We have put together a number of notebooks to demonstrate MLeap usage with Spark, Scikit and soon TensorFlow. The demo notebooks can be found on our mleap-demo github repository. Child pages below also include instructions for how to include MLeap within your notebook environment of choice.
Our goal is to maintain parity between notebooks for Jupyter/Zeppelin/DataBricks and Spark/Scikit/TensorFlow. Here is a list of demo notebooks we have available today:
AirBnb Price Prediction
Using a snapshot of historical AirBnb listings data, build a ML Pipeline to model the price of an appartment based on features like
number of rooms,
number of bathrooms,
square feet and others. The notebook demonstrates how to train and serialize both a linear regression and a random forest model. This notebook also shows deserialization of a bundle as well as scoring of new LeapFrames without the Spark Context with MLeap Runtime.

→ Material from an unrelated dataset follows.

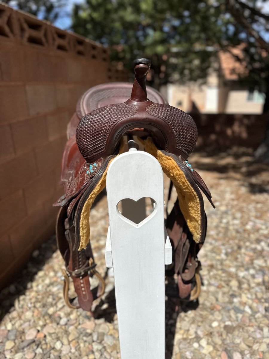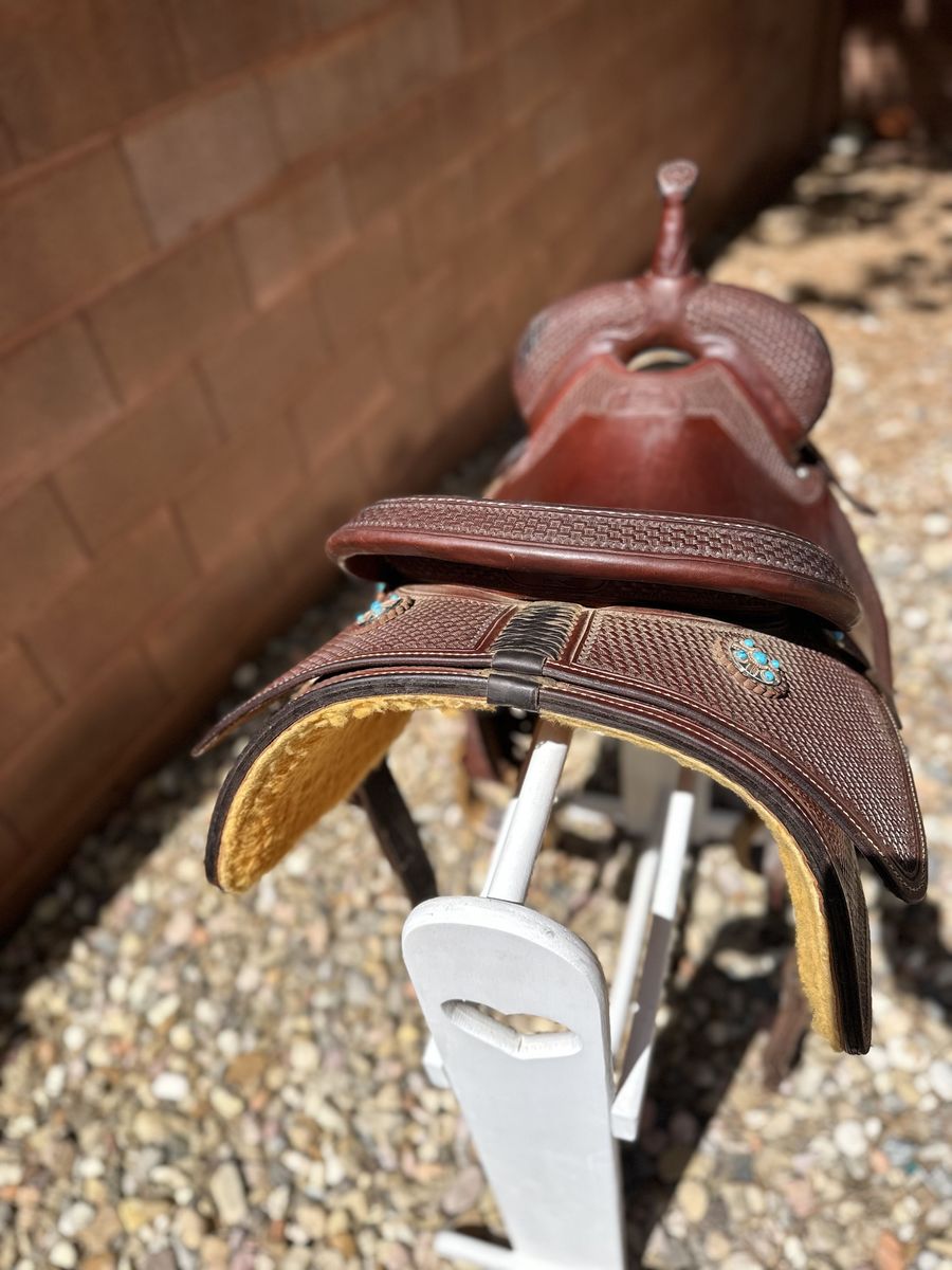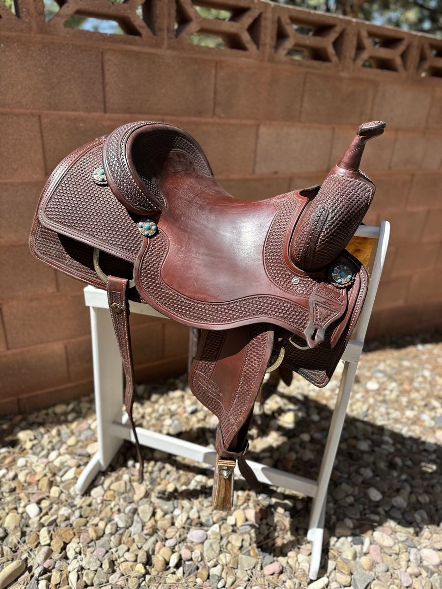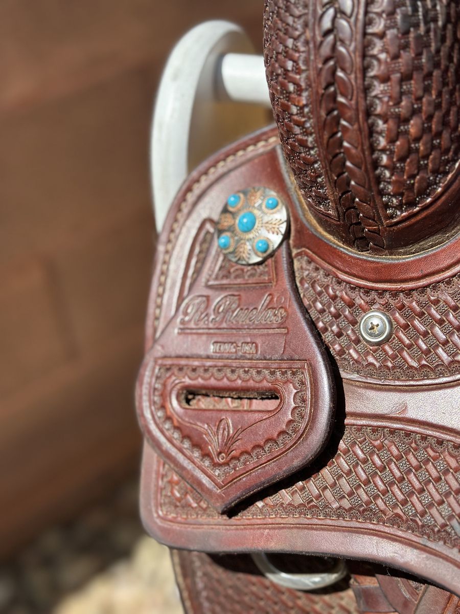 ApplePay16 inch R. Ruelas Cutting Saddle. Herman Oak Latigo leather with basket stamp and 2 inch wooden stirrups. Custom turquoise stone conchos. This saddle has been rode in for about 1 month then kept inside the house on a rack to keep safe. Most comfortable saddle I've ever owned! I dont work with cutting horses anymore. Ask any questions!

Lending Club Loan Approval
Using the public Lending Club dataset to determine whether the applicant is approved for a loan or not, we build an ML Pipeline and train a logistic regression and a random forest classifier. We also show an example of how to deploy the two models to an API server. For an example of deserialization and MLeap runtime, see the AirBnb demo above (we'll add it here too).
MNIST Digits Recognition
This demo uses the popular MNIST dataset and demonstrates usage and serialization of more complicated transformers like
PCA to train a random forest classifier and serialize it to a bundle. The goal of this demo is to demonstrate that even for more complex transformers, MLeap saves developers potentially days of writing and maintaining code to support features like PCA and random forest models.
- Code for Spark - Zeppelin only for now